Engineering Education for Sustainable Cities in Africa (EESC-A)

Rapid and large-scale urbanization, together with a drive towards environmental and financial sustainability, creates considerable challenges and opportunities for engineers and engineering education in Africa. The Engineering Education for Sustainable Cities in Africa (EESC-A) initiative is multi-faceted across multiple dimensions urban issues, sustainability, climate change, Global South & Global North, and existing versus new forms of university level pedagogy. It addresses two deep global challenges: (1) enabling the creation of sustainable infrastructure for the future mega-cities in Africa, which will be the largest cities in the world by 2100, and (2) using advances in education, which we are researching and experimenting with on campus at UofT today, to help scale up the training for the required cadre of engineers – both African and Canadian to build out African cities.
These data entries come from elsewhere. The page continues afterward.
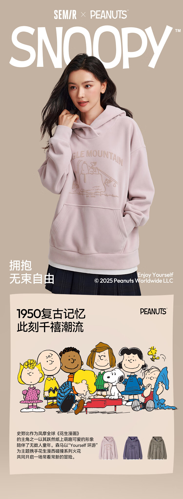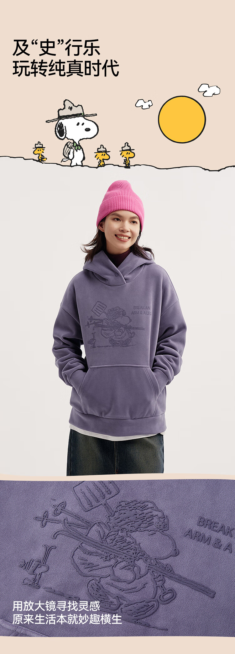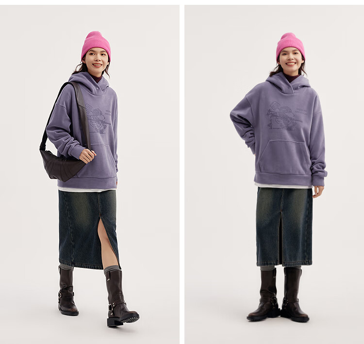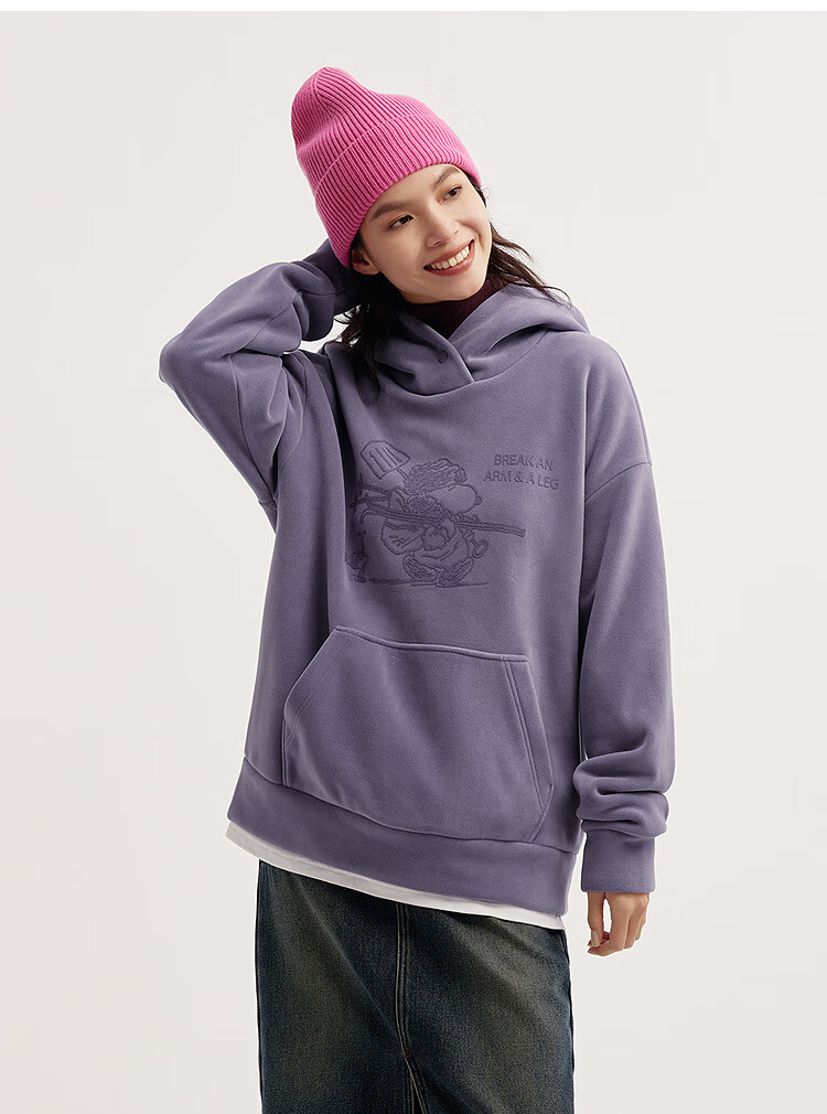 Semir Snoopy series sweatshirt women's mid-length fake two-piece pattern winter oversize polar fleece 101724116019
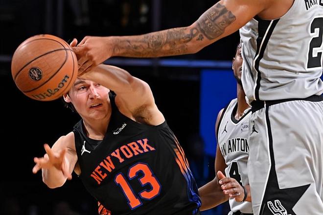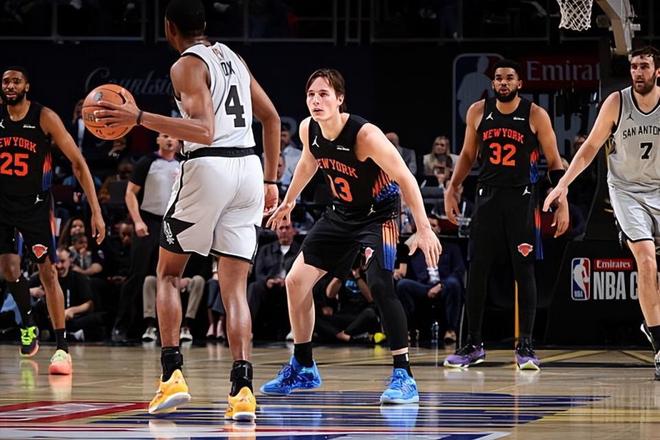 在此前的NBA杯决赛中,纽约尼克斯在末节完成了大逆转,以124比113战胜了圣安东尼奥马刺,成功拿到了本次NBA杯的总冠军。本场比赛中,尼克斯的替补控卫泰勒-科莱克(Tyler Kolek)的表现
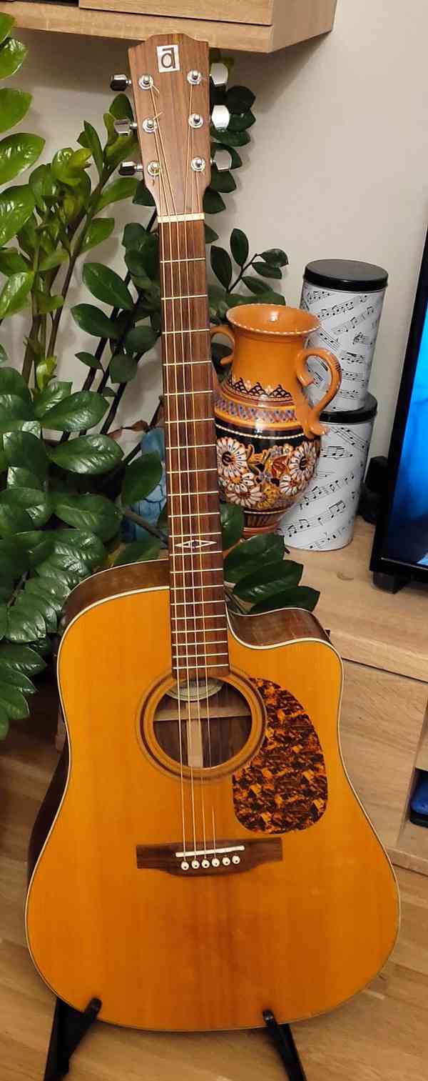 Prodám australskou akustickou kytaru Ayers s piezo snímačem Fishman. Prověřena na stage - silný zvuk, ladí ve všech polohách. Na zadní straně deska opravena.
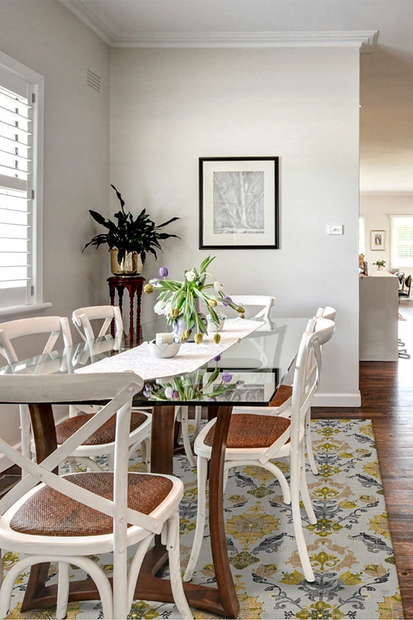 Bring a touch of nature to your home with our Floral Damask Mimi Yellow rug. The subtle, multi-colored mix of silver, moonsand, gold, olive green, and yellow features a unique wildflower-patterned motif that’s both regal and elegant. Perfect for decorating styles from shabby chic to classic, to country or traditional.
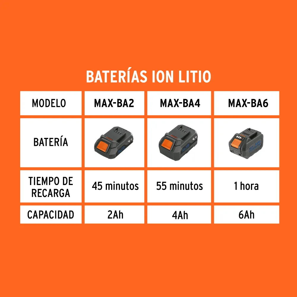 • Ofrece una recarga ultrarrápida: carga la MAX-BA2 en 45 minutos, la MAX-BA4 en 55 minutos y la MAX-BA6 en 1 hora.
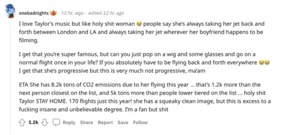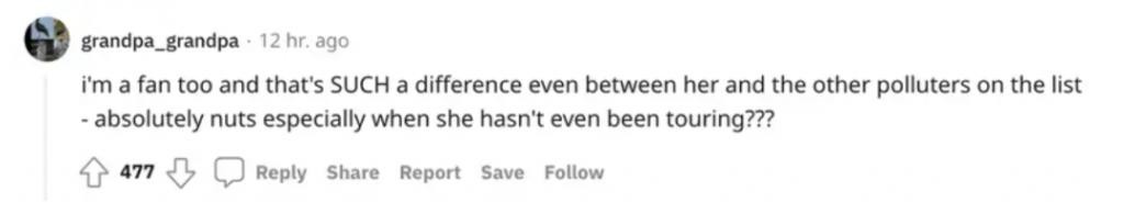 她今年的二氧化碳排放量是 8200 吨……比第二名多 1200 吨,比名单上排名靠后的人多 5000 吨……天哪,霉霉请待在家里吧。霉霉今年飞了 170 次 !她平时确实干净利落,但这已经超出了疯狂和令人难以置信的程度。我是个粉丝,但并不认可这种行为。
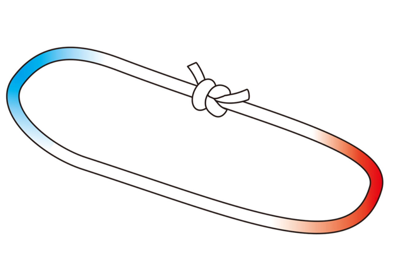 本結び、もしくはかた結び(ひと結び)でロープを輪にする
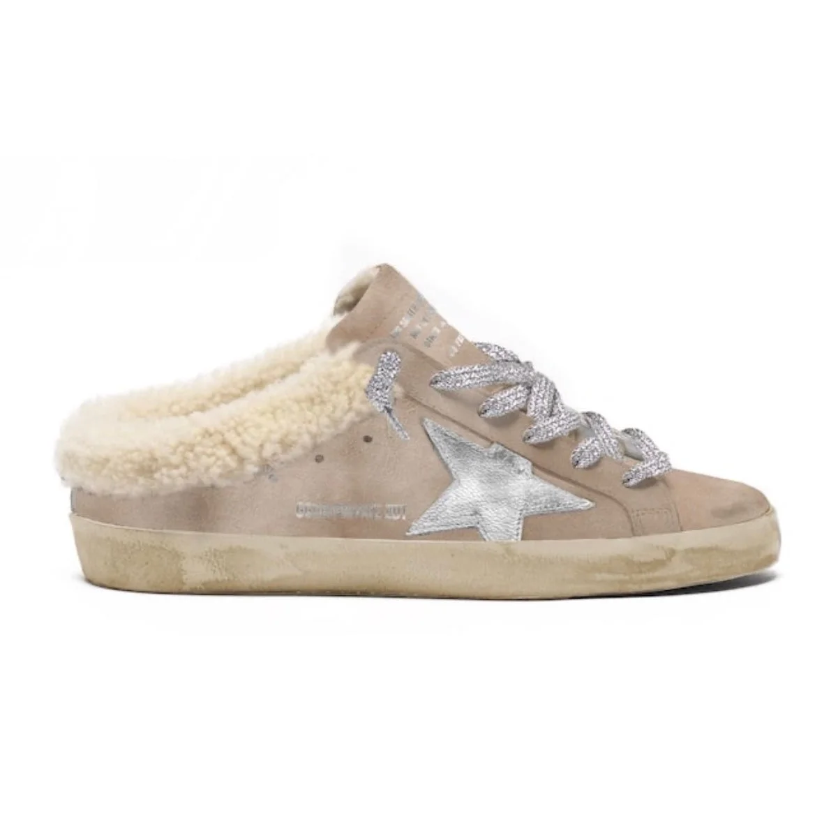 Golden Goose Super Star Sabot Wool Sneakers GWF00110.F004299.55528 S557BRROWNSILVER All sales are final. We only accept returns if there is a quality issue.

Led by CGEN co-founder and Senior Fellow at the Global Cities Institute, Murray Metcalfe, EESC-A explores the status of engineering education in Sub-Saharan Africa (SSA), opportunities and challenges that its academic institutions encounter, and the extent to which new education models based on information technologies are being implemented. Such models include distance learning, the use of “MOOCs” and “SPOCs,” and the roles of engineering software tools and “virtual labs.” Geographically, the initiative has a pan-African mandate, and it seeks to contribute where resource constraints amplify related challenges, while simultaneously innovation in education may have the greatest social and environmental impact.
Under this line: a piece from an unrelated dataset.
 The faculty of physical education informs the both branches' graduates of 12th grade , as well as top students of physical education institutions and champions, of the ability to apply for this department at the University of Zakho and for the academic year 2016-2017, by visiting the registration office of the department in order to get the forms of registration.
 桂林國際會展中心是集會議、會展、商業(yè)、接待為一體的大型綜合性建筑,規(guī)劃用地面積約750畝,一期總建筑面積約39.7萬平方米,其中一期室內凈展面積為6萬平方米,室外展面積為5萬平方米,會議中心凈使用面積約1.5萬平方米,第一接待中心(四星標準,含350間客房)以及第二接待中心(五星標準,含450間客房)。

As a way of greatly accelerating those efforts, the initiative seeks to create a new partnership called the Network for Engineering Education for Sustainable African Cities (NEESAC). Its long-term goal is to build a network of researchers and collaborators centered here at UofT, with additional participants and partnerships elsewhere in engineering schools (and other institutions) in Canada and in Africa.

Its specific objectives will be: (1) working with and facilitating African educators and theorists to define what is sustainable cities engineering from an African perspective, (2) developing relevant content modules and courses, some broad and some specific to countries, issues and even specific institutions, (3) partnering with African universities more broadly, primarily through electronic approaches, to help them in educating future engineers, (4) actively involving UofT scholars and students in engaging with African counterparts, by pointing to specific issues and topics for research efforts, and (5) pursuing resulting “reverse innovation” opportunities for our students and our educational activities on campus at UofT.